Когда он приблизился, Зороастр и его сорок ратников воздели руки к небу.
– Привет тебе, царь царей! Привет тебе! Живи вовеки! – воскликнули они и, как один человек, распростерлись ниц на зеленой траве, у края дороги.
Дарий натянул поводья и осадил коня на полном ходу. Скакавшие вслед за ними всадники подняли правую руку, чтобы подать знак другим, и с оглушительным шумом, подобно океану, внезапно нахлынувшему на целую стену утесов, эти несравненные персидские наездники остановились все разом, на расстоянии нескольких аршин, между тем как их кони бешено рвались, становились на дыбы и грызли удила, но, сдерживаемые сильными руками, не могли сделать ни шагу вперед.

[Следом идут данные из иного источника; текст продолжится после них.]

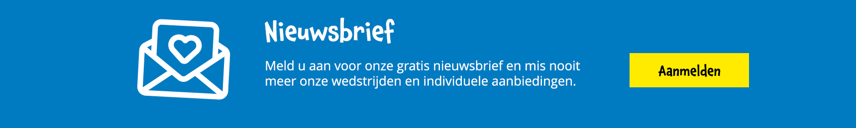 Meld u aan voor onze gratis nieuwsbrief en mis nooit meer onze wedstrijden en individuele aanbiedingen.Aanmelden

Эти всадники представляли цвет персидской знати; их пурпурные плащи развевались от стремительной езды, бронзовые латы казались черными среди сгустившегося сумрака, а лица, обрамленные бородами, смотрели сурово и прямо из-под золоченых шлемов.
– Я, Дарий, царь царей, к которому вы взываете! – воскликнул царь. – Встаньте, говорите и не бойтесь ничего, если только нет лжи в устах ваших.
Зороастр поднялся с колен, потом низко поклонился и, взяв несколько крупинок пыли с дороги, приложил руку к устам и посыпал пылью свою голову.
– Привет тебе, живи вовеки! Я – твой слуга. Зороастр, начальник крепости и хранитель сокровищ в Экбатане. Исполняя твое повеление, я привез родственников Иоакима, царя Иудеи, и во главе их иудейскую царевну Негушту. Я слышал, что тебя нет в Сузах, а потому и ожидал здесь твоего возвращения. Я также послал гонцов возвестить тебе кончину Даниила, прозванного Балатшуусуром, бывшего сатрапом Мидии со времен Камбиза. Я похоронил его подобающим образом в новой гробнице, в саду Экбатанского дворца.
Когда Зороастр окончил свою речь, Дарий подошел к нему, взял его за руки и поцеловал в обе щеки.
– То, что ты сделал, сделано хорошо; я давно тебя знаю. Ормузд хранит тебя. Он хранит и меня. Его милостию я предал смерти мятежников в Вавилоне. Они лгали мне, за это я и перебил их. Покажи мне Негушту, дочь иудейских царей.
– Я слуга твой. Царевна здесь, – ответил Зороастр, но, говоря это, он изменился в лице.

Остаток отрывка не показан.